#### Material to process
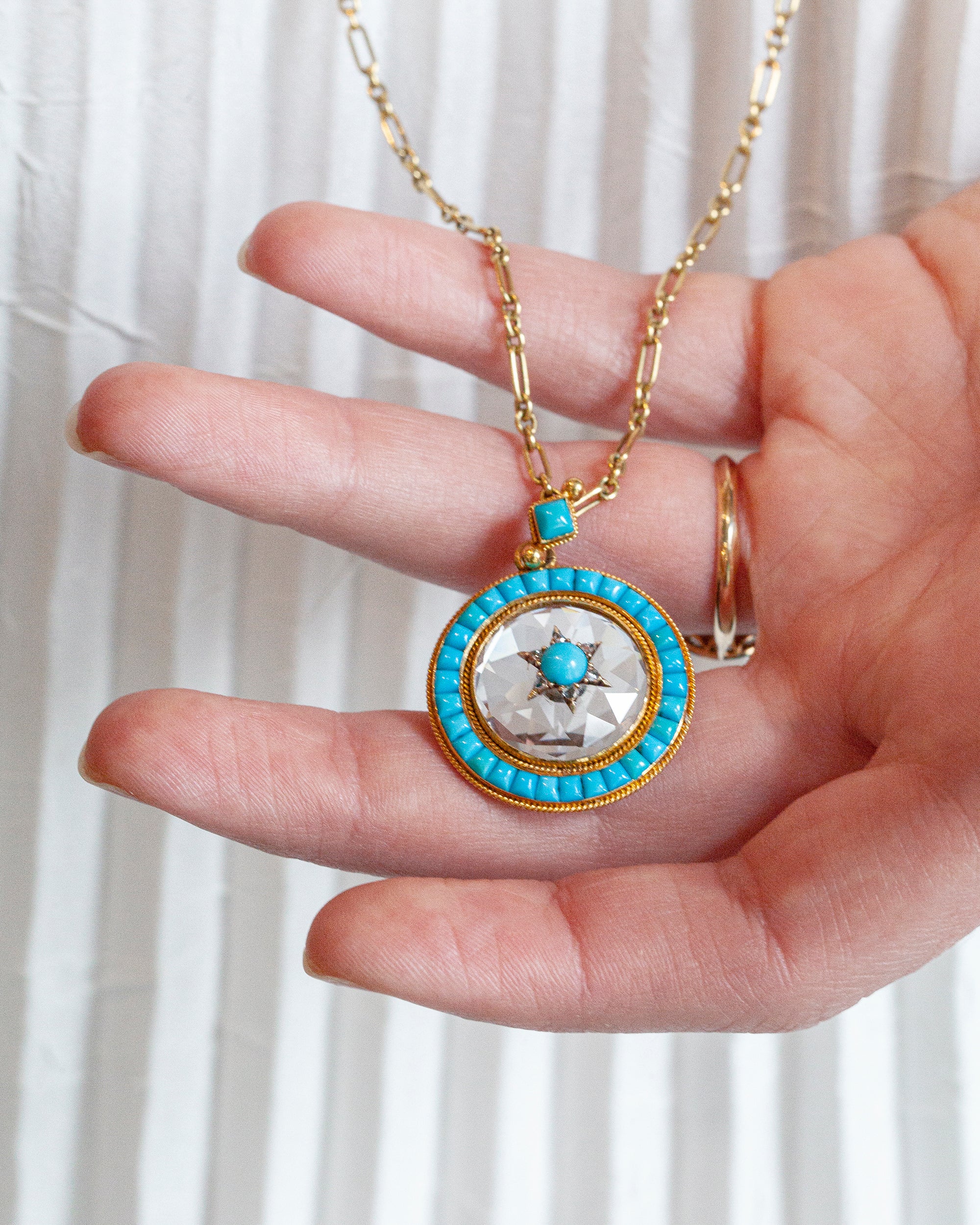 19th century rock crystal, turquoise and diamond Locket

==

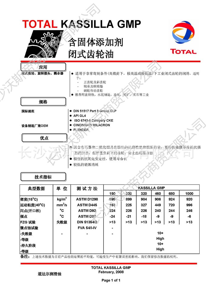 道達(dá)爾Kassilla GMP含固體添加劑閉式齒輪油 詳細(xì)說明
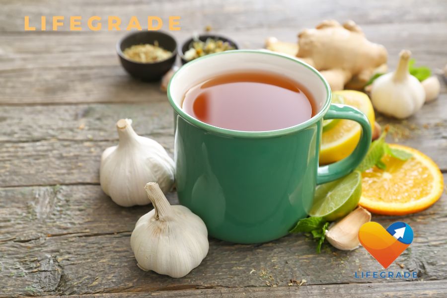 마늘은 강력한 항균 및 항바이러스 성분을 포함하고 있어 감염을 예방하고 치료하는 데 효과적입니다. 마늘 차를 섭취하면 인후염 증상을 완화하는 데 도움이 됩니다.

#### Task to complete
With the pictures omitted, print the lines above exactly, beginning at the line with "道達(dá)爾Kassilla GMP含固體添加劑閉式齒輪油 詳細(xì)說明" and going on through the line with "마늘은 강력한 항균 및".

#### Solution to this problem
 道達(dá)爾Kassilla GMP含固體添加劑閉式齒輪油 詳細(xì)說明
 마늘은 강력한 항균 및 항바이러스 성분을 포함하고 있어 감염을 예방하고 치료하는 데 효과적입니다. 마늘 차를 섭취하면 인후염 증상을 완화하는 데 도움이 됩니다.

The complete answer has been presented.